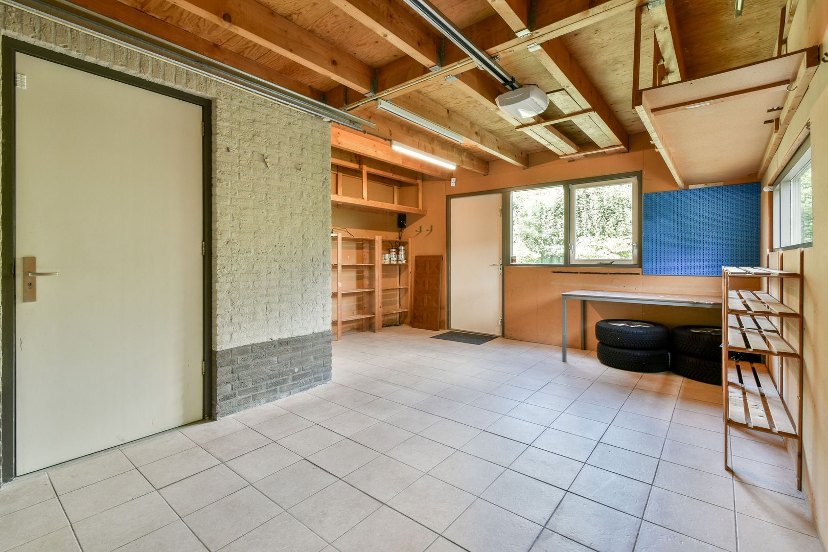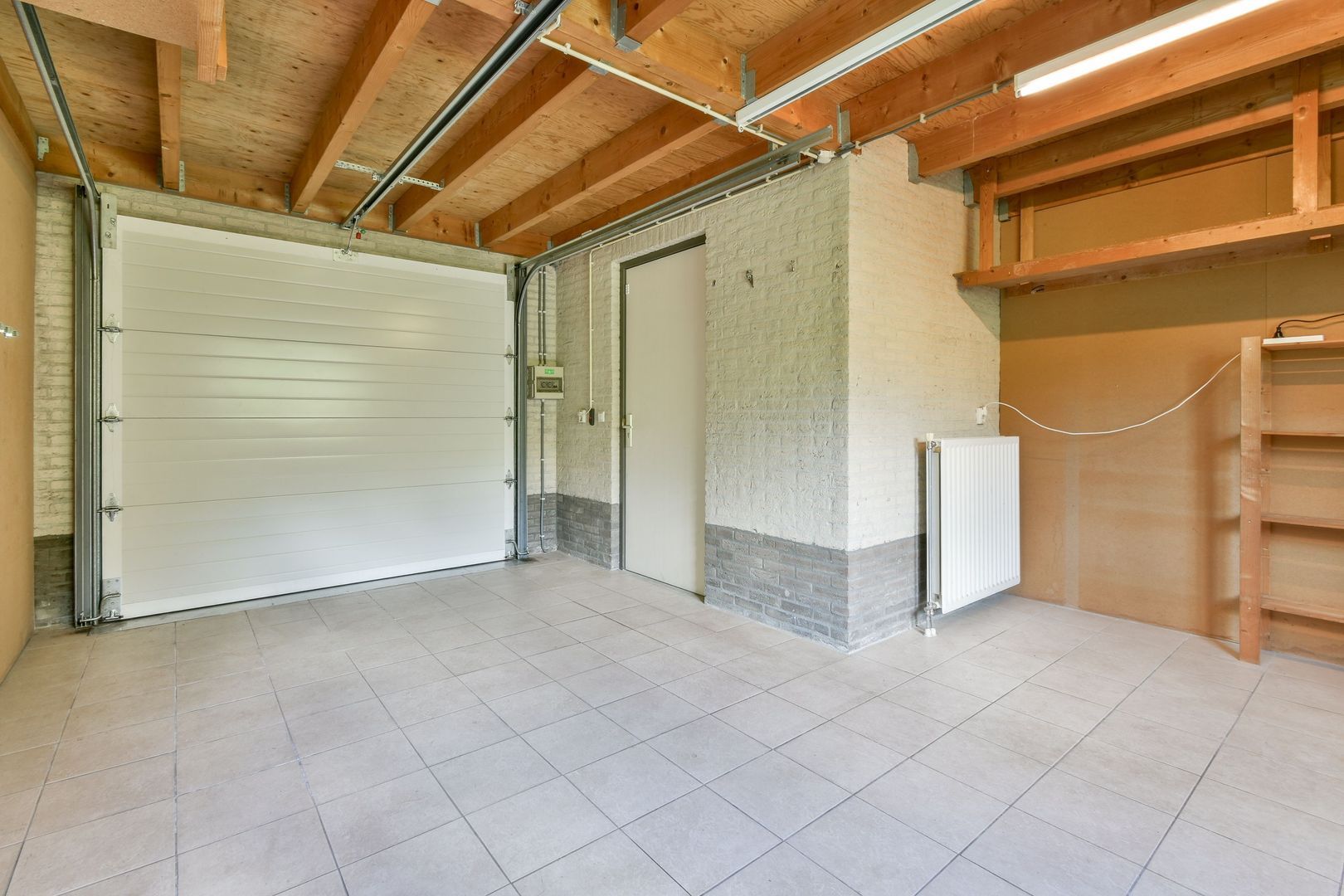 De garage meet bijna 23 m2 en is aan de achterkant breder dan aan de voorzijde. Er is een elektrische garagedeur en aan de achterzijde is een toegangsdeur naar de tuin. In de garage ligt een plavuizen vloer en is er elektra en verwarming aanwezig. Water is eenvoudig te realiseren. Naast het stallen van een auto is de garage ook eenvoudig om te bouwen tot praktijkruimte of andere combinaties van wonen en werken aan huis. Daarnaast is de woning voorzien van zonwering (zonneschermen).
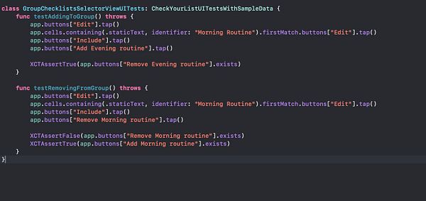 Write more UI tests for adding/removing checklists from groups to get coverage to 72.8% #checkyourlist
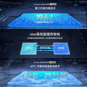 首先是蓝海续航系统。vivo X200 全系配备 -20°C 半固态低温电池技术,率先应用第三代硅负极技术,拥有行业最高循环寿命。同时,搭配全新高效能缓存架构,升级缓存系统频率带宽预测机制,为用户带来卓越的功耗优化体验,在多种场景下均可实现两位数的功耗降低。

------------------------------------

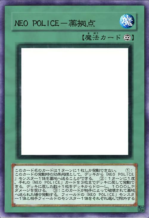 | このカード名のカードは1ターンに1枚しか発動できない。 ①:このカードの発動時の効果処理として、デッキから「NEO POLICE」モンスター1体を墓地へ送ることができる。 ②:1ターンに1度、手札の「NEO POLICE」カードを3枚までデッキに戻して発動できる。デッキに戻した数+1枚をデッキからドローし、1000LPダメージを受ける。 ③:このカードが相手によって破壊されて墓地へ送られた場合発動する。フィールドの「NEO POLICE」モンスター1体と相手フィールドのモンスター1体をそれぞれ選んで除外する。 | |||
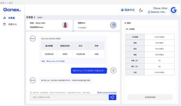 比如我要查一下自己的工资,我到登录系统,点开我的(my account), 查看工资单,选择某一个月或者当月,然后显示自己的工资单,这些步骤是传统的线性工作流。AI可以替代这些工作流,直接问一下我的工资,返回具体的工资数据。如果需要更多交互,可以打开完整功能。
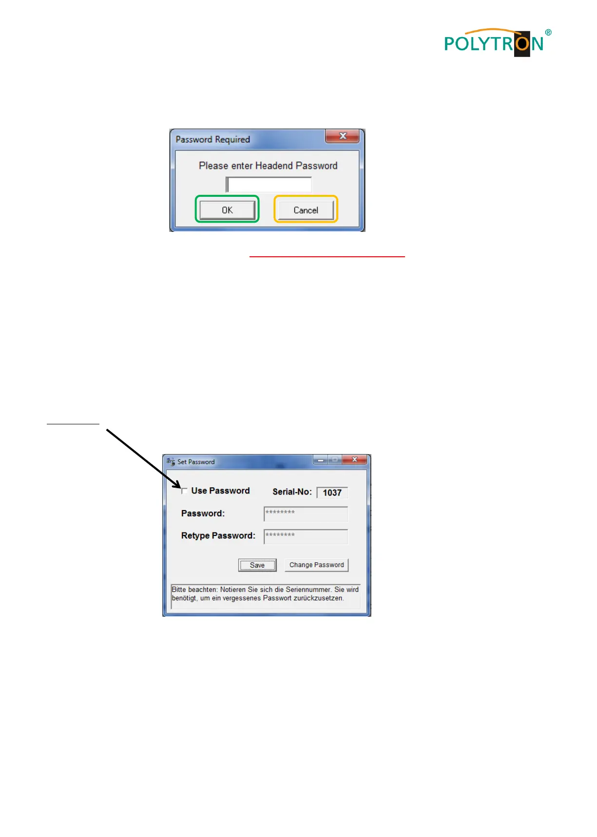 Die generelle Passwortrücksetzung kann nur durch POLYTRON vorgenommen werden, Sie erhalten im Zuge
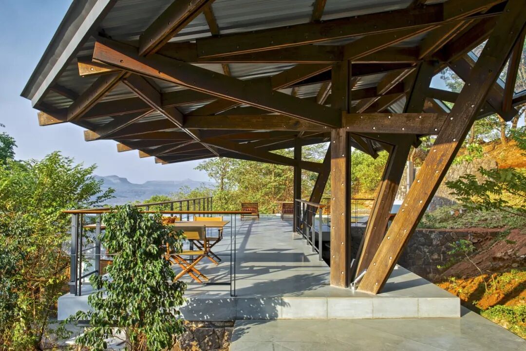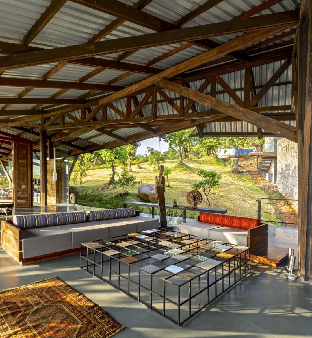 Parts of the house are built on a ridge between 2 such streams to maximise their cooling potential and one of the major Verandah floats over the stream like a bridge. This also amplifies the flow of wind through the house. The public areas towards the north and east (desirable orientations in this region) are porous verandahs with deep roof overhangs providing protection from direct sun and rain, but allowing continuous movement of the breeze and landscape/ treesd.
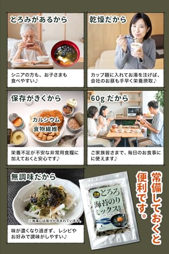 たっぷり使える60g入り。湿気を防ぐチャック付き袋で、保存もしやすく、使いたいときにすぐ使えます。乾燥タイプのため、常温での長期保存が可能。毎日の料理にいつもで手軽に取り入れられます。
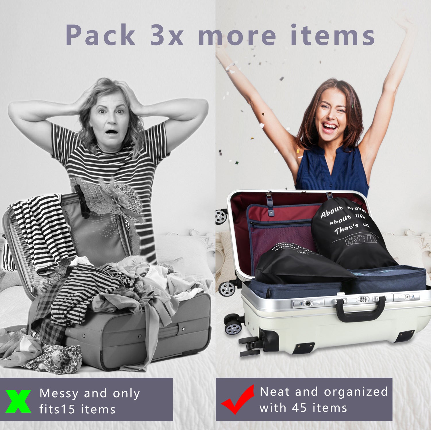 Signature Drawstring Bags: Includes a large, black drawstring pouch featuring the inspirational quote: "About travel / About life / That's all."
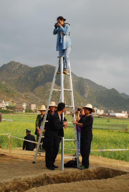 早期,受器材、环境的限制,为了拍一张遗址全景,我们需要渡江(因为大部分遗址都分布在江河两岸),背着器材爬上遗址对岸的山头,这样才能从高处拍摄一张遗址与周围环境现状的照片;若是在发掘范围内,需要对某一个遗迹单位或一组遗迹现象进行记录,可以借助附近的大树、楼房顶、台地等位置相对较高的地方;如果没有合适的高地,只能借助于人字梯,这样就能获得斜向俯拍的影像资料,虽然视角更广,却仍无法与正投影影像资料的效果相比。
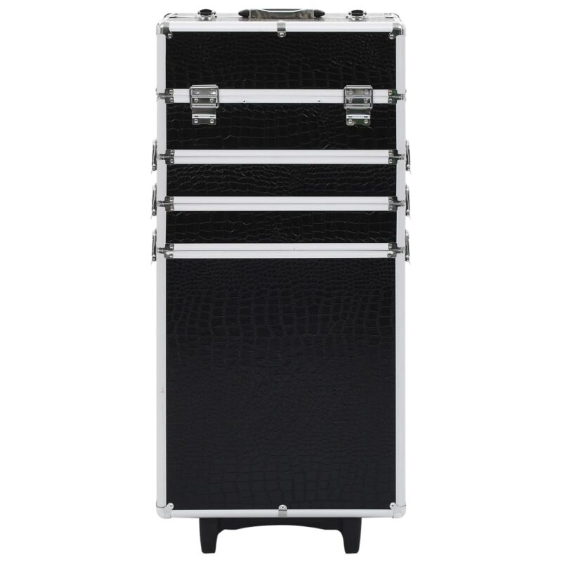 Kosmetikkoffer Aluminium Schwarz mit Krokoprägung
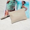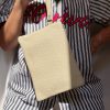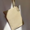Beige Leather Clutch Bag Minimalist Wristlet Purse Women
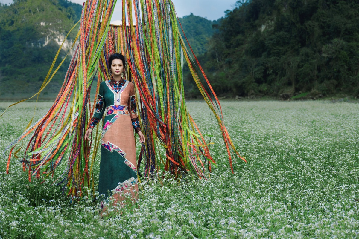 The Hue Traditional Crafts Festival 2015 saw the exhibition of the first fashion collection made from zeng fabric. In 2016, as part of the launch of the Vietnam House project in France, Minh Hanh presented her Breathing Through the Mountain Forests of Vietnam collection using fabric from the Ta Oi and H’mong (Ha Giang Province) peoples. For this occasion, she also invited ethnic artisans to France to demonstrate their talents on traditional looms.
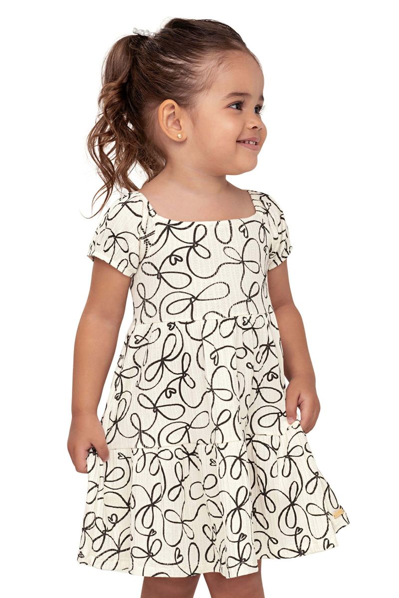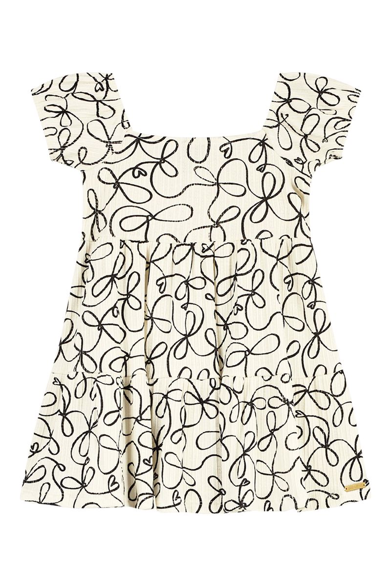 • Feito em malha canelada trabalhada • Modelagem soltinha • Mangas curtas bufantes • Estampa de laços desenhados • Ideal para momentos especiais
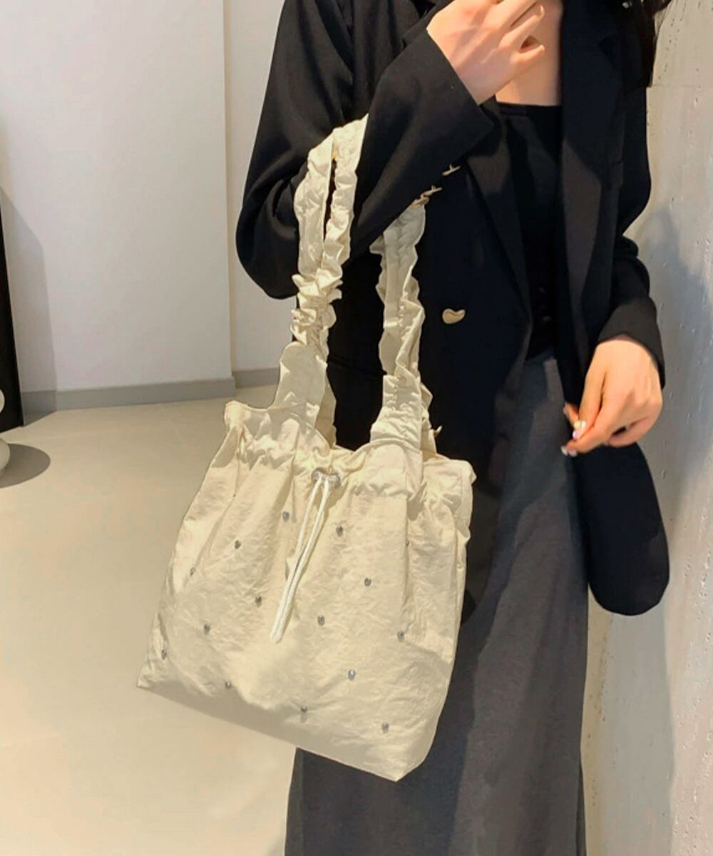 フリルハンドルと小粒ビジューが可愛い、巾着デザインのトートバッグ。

------------------------------------

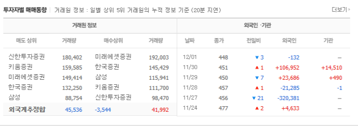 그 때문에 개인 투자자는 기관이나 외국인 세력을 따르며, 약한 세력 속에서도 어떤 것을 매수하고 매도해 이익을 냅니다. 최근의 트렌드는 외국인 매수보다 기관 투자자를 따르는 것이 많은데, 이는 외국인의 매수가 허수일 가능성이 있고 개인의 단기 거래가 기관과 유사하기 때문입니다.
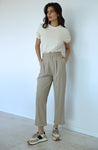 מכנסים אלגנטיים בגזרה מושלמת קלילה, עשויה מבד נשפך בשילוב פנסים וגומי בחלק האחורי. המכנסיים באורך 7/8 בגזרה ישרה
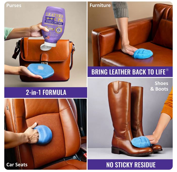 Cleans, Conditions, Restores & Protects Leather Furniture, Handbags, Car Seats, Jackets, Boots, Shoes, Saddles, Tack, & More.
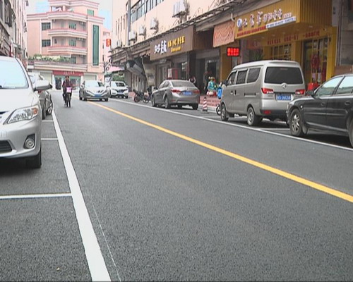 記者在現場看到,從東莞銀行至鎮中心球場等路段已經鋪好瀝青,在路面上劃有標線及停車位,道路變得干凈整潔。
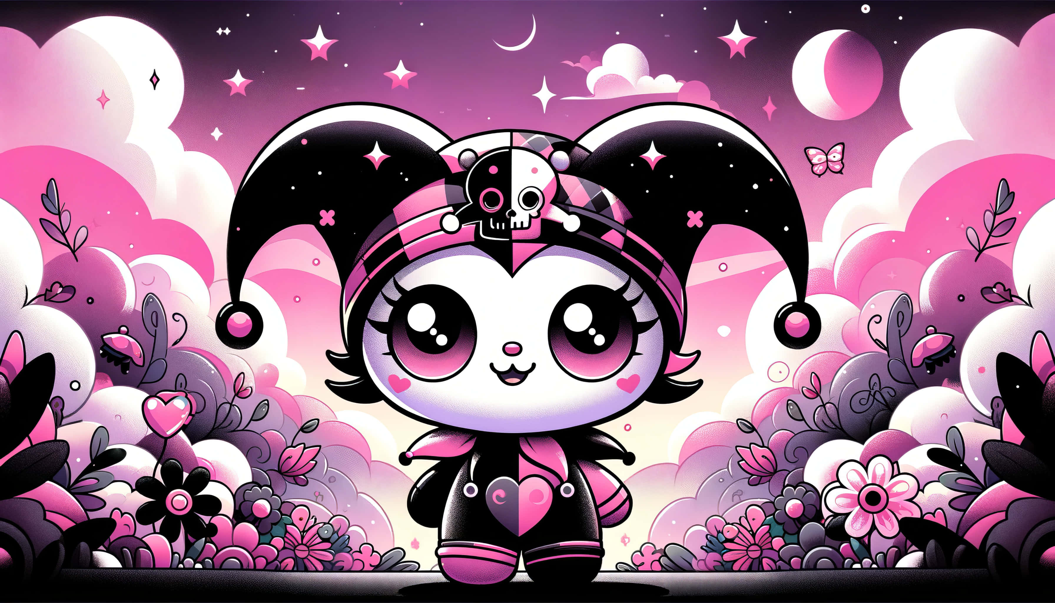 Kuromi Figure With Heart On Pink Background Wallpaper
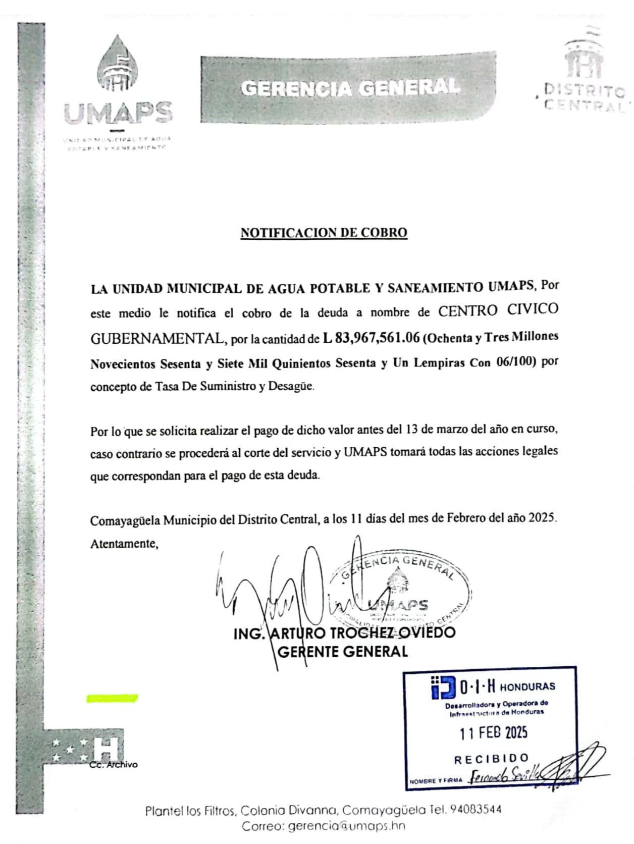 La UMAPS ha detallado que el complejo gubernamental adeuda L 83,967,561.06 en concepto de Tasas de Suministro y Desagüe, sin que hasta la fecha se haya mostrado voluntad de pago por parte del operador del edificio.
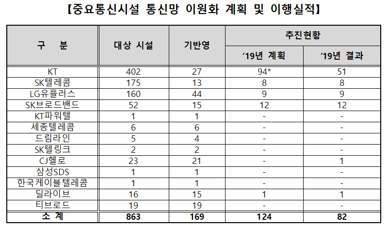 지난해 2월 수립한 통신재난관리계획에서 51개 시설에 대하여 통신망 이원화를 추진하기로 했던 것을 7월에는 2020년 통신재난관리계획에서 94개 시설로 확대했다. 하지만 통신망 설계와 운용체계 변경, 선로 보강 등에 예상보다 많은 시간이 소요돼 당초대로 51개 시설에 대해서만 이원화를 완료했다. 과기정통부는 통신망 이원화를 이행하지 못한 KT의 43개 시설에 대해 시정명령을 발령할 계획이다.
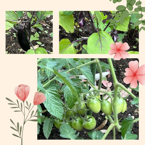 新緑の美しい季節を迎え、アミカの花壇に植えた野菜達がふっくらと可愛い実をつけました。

------------------------------------

> _Aim of the exercise_
Start with the line with "그 때문에 개인 투자자는" in the listing above and stop after the line with "Kuromi Figure With". Write out exactly the lines in that stretch and no others, without pictures.

> _Response box_
 그 때문에 개인 투자자는 기관이나 외국인 세력을 따르며, 약한 세력 속에서도 어떤 것을 매수하고 매도해 이익을 냅니다. 최근의 트렌드는 외국인 매수보다 기관 투자자를 따르는 것이 많은데, 이는 외국인의 매수가 허수일 가능성이 있고 개인의 단기 거래가 기관과 유사하기 때문입니다.
 מכנסים אלגנטיים בגזרה מושלמת קלילה, עשויה מבד נשפך בשילוב פנסים וגומי בחלק האחורי. המכנסיים באורך 7/8 בגזרה ישרה
 Cleans, Conditions, Restores & Protects Leather Furniture, Handbags, Car Seats, Jackets, Boots, Shoes, Saddles, Tack, & More.
 記者在現場看到,從東莞銀行至鎮中心球場等路段已經鋪好瀝青,在路面上劃有標線及停車位,道路變得干凈整潔。
 Kuromi Figure With Heart On Pink Background Wallpaper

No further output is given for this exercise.